Time Trying to Keep it Simple

I have several serious hobbies that I try to maintain. However, it can be a bit sad when I have to admit that I will never be as knowledgeable as I want to be about any of them that are not my full time job. The reality is that each hobby is someone’s full-time job and the more time they spend at it the more there is to know, and the further behind I fall.

I’m not sure if it is human nature or just the nature of the way we define knowledge but the longer we work at something the more we define it. That only increases the amount and complexity of information. At some point, this level of complexity becomes a barrier to entry for newcomers. When I catch myself droning on about technical details of 3D imaging to a newcomer I try to fall back on a key lessons learned for a SPAR presentation I gave back in 2010 on Information Theory.

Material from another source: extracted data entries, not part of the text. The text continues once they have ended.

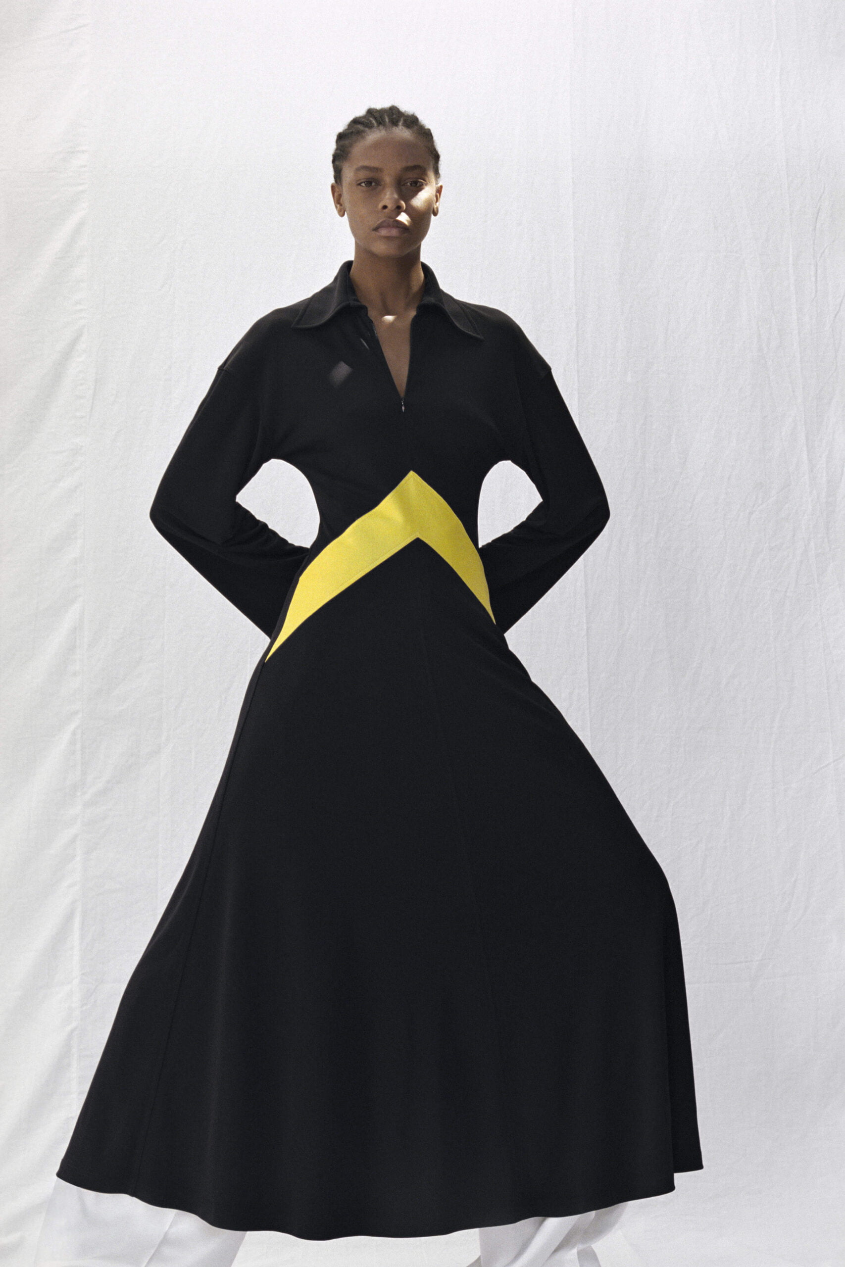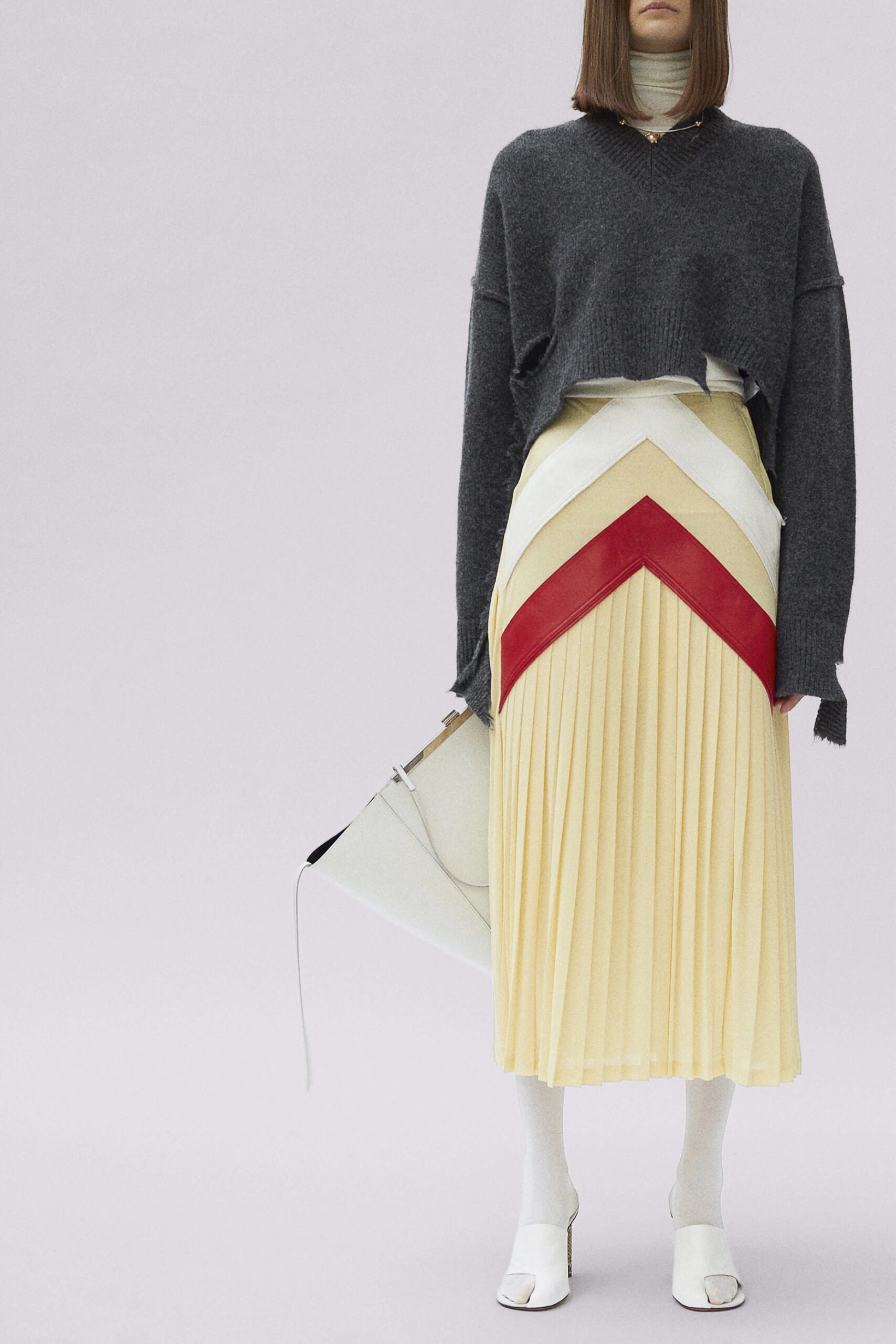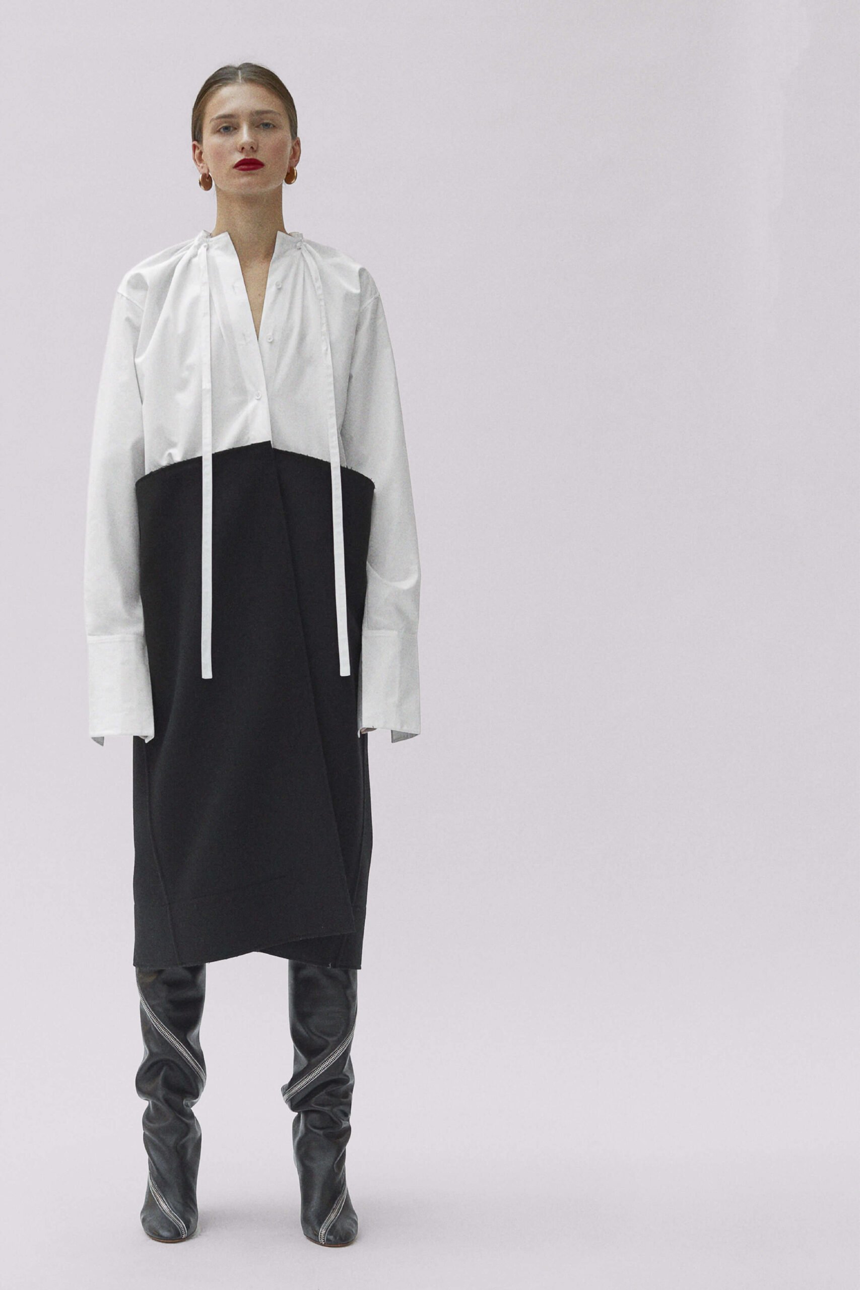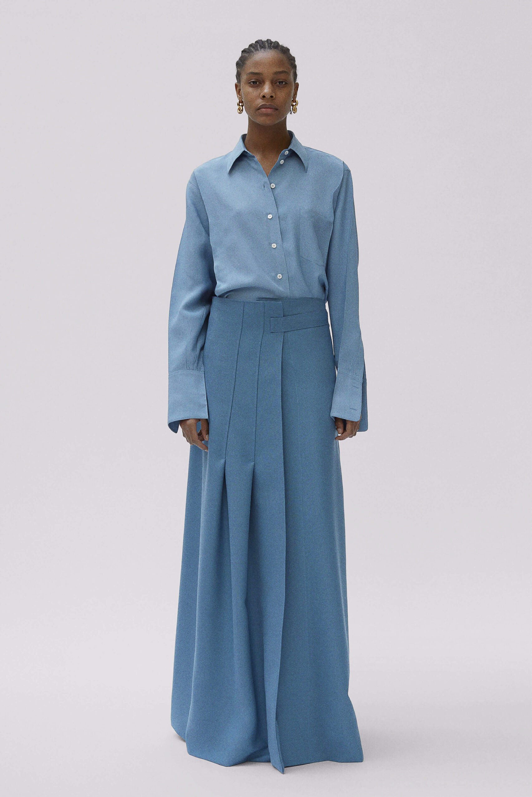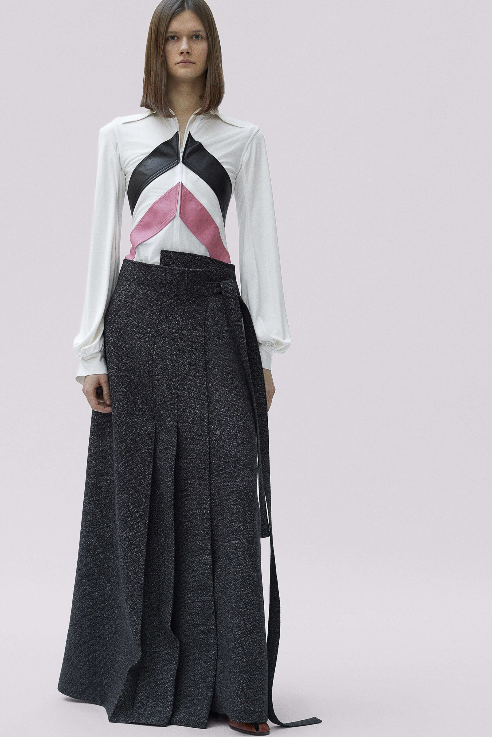 I often say that the two qualifications for enjoying Phoebe Philo’s work at the house of Céline are 1) being a woman and 2) having a pulse. However, I would like to add that, certainly amongst Ten Towers at least, there are a number of fashionistos (that’s the boy version) who also are partial to Ms Philo’s clothing and, as I plan to be buried in full-look Céline, who needs a pulse either? It’s really easy to wax lyrical about a Céline collection, mainly because they are always very very good, but on receipt of these images last week (embargoed until today) I must say that we’re extra partial to this latest offering – Philo’s Fall 2017 (a Céline-ism for Pre-Fall) collection for the house. There’s something hearty about this. A kilt says hearty, especially when it’s floor-length, and there are six of them here, pointing to this fullness of fabric throughout – heavy mannish overcoats or roomy shirts, some checkered, or those trousers that rise up far beyond the waist and fasten with an extra-long fly. But Philo’s vision at Céline has long taken the hard with the soft and here, that heaviness is offset with a strong femininity, a sense of womanliness. It’s found in the way that ties of silk loosely cinch the waist and fabrics gently drape on the body, subtly pointing to the female form beneath or in those flashes of red, on the clothes and slashed across the model’s lips. Because yes, Céline may be intellectual but that doesn’t mean it’s sexless – there’s a fluidity to it, a languid sensuality. Philo really does know how women woman to dress – design without agenda or suggestion – just beautiful, intelligent clothes.
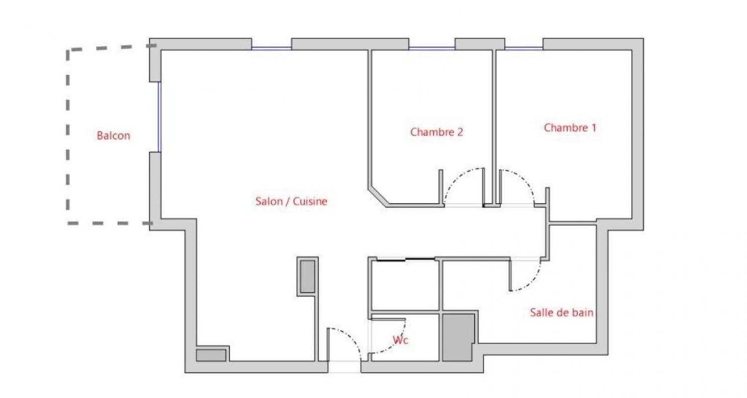 Ce bien se compose d’une entrée, un séjour lumineux avec coin cuisine, deux chambres avec placard, une salle de bains, un wc indépendant, une terrasse d’environ 8m².
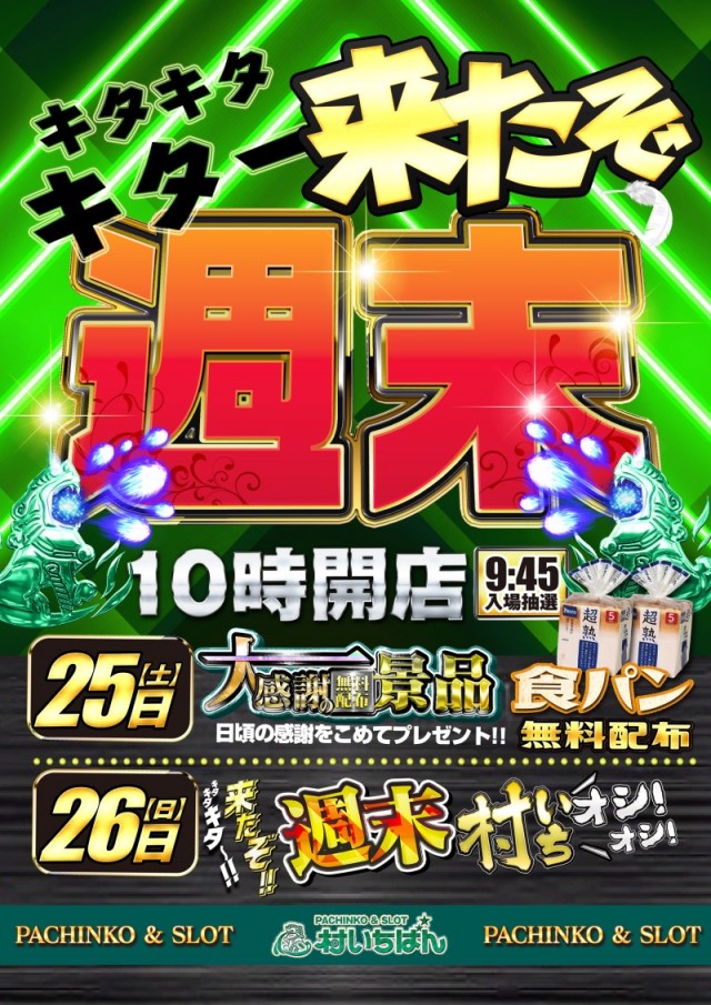 【来たぞ週末】25日(土)大大大感謝の無料景品配布予定!!
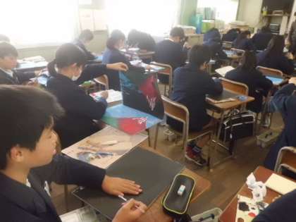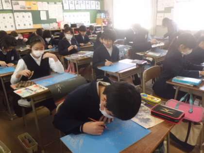 2月5日(月)6年生の版画がかなり進んできました。色を付けている子どももいます。
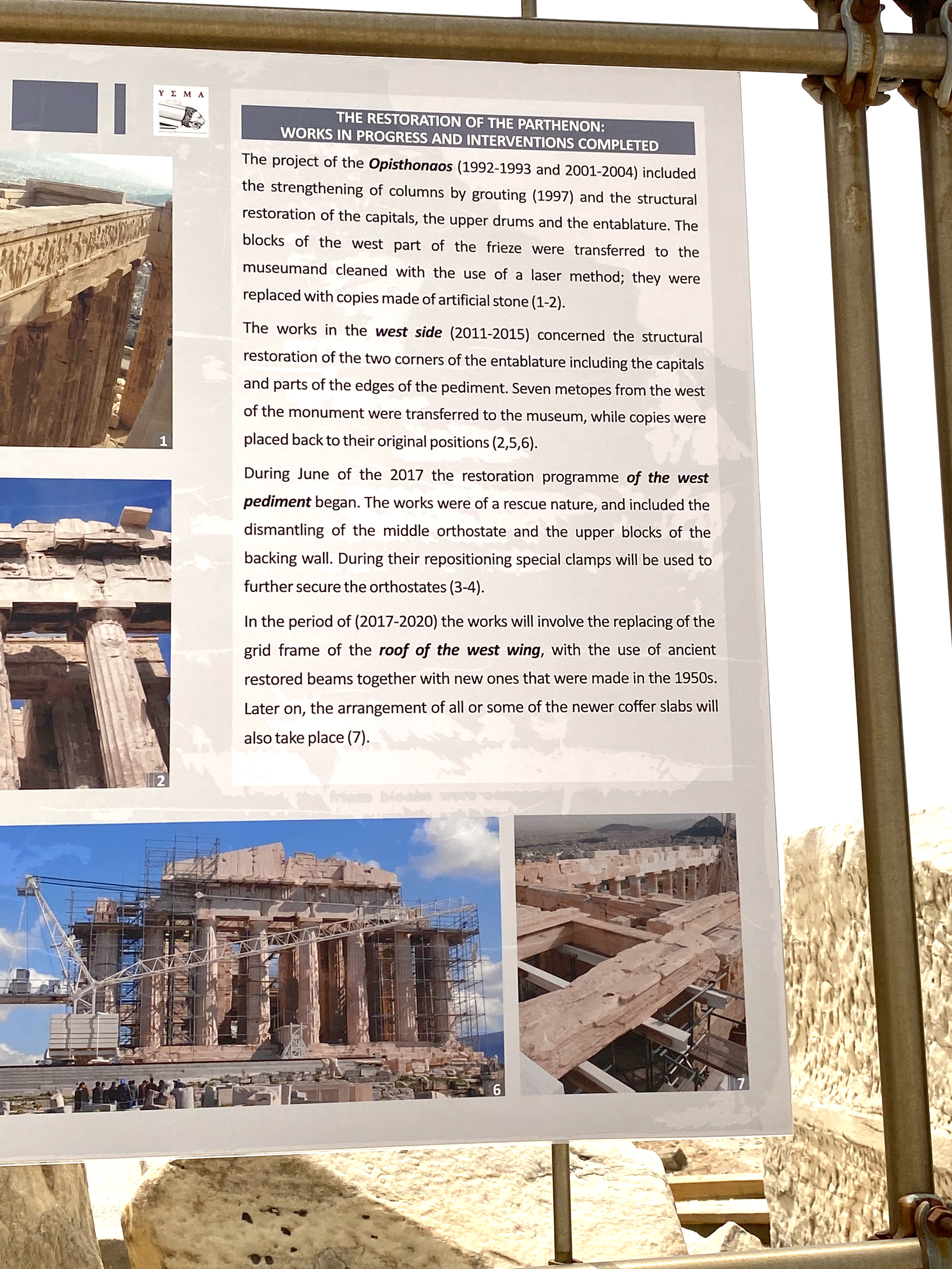 You will find out on the tour that much of ancient Athens was destroyed: either in centuries of battle, or pillaged for building materials…so they are working to preserve the ancient buildings and monuments that remain.
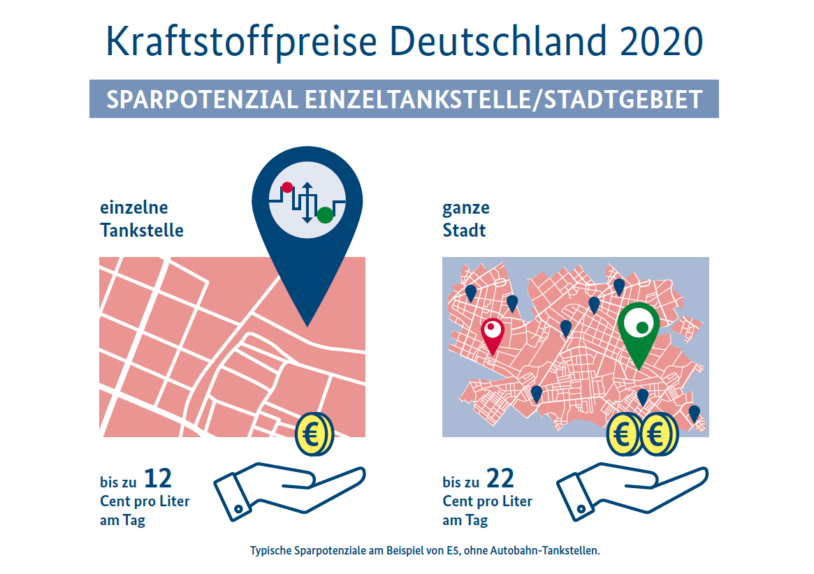 Die wichtigsten Ergebnisse der Marktuntersuchungen 2020: An ein und derselben Tankstelle gibt es im Schnitt Preisunterschiede von ca. 12 Cent/Liter am Tag. Vergleicht man die Tankstellen in einer Stadt, gibt es im Schnitt sogar Preisunterschiede von bis zu ca. 22 Cent/Liter am Tag.
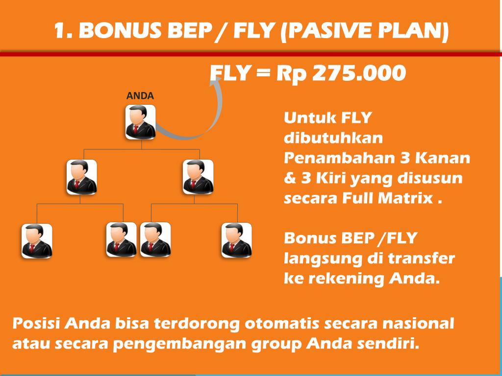 1. BONUS BEP / FLY (PASIVE PLAN) FLY = Rp 275.000 ANDA Untuk FLY dibutuhkanPenambahan 3 Kanan & 3 Kiri yang disusunsecara Full Matrix . Bonus BEP /FLY langsung di transfer kerekeningAnda. PosisiAndabisaterdorongotomatissecaranasionalatausecarapengembangan group Andasendiri.

The concept is a more specific version of the K.I.S.S. concept (Keep It Simple, Stupid). In 1956, George A. Miller wrote a piece for the Psychological Review in which he outlined examples of a human being’s ability to process information. The highlights are as follows:

• Tests show we have a channel capacity of 2.6 bits…
o 1 bit = 1 decision
o 2.6 bits = 6.5 categories or things you can remember
• …And when you reach channel capacity?
o Processing reverts from Pre-frontal cortex (rational) to older more emotion based parts of the brain
o This is bad for us as we are introducing new things and New=Change=Risk=Fear
o Best reasons for 3D imaging are just that; Reasonable

While the paper goes on to explore ways of increasing the amount of things that a person can retain in short term memory through recoding and such, the basic principle is that in a conversation or presentation a person is capable to holding on to about seven points. Now think about your sales pitch, presentation, or typical introduction. How many points are you trying to get across? It is important to remember that each piece of information that is new counts as a point! We are able to recall massive amounts of information because we have recoded it all into chunks that represent many more bits than we could remember on first read. Our clients have not spent the time in our industry to do this. They have been spending their time learning their job!

These capacity issues are actually one of the reasons that 3D imaging is such a powerful tool. One method of recoding is to present the information in a format that the user already understands. There are few formats more familiar than the way in which most of us view the world with stereoscopic vision. Why learn a map legend or coding system when you can simply view it as it looks in reality? However, the how and why all of this comes together can be a lot to take in for the uninitiated.

The bright side can be seen in one of my side interests- computing. I probably know less (as a percentage of all there is to know) about computing today than when I was plugging away on a Commodore 64 in my parent’s living room. I certainly know less about the inner works of my iPad than I did the Commodore 64. However, when I look at the level of computing power and productivity afforded by the iPad there is no contest. I know less and can do more. Apple’s success is a testament to keeping it simple for those of us that are not spending our working life as a computer scientist. I think our job is to do the same for our clients. Enable them to do more, even when they know less.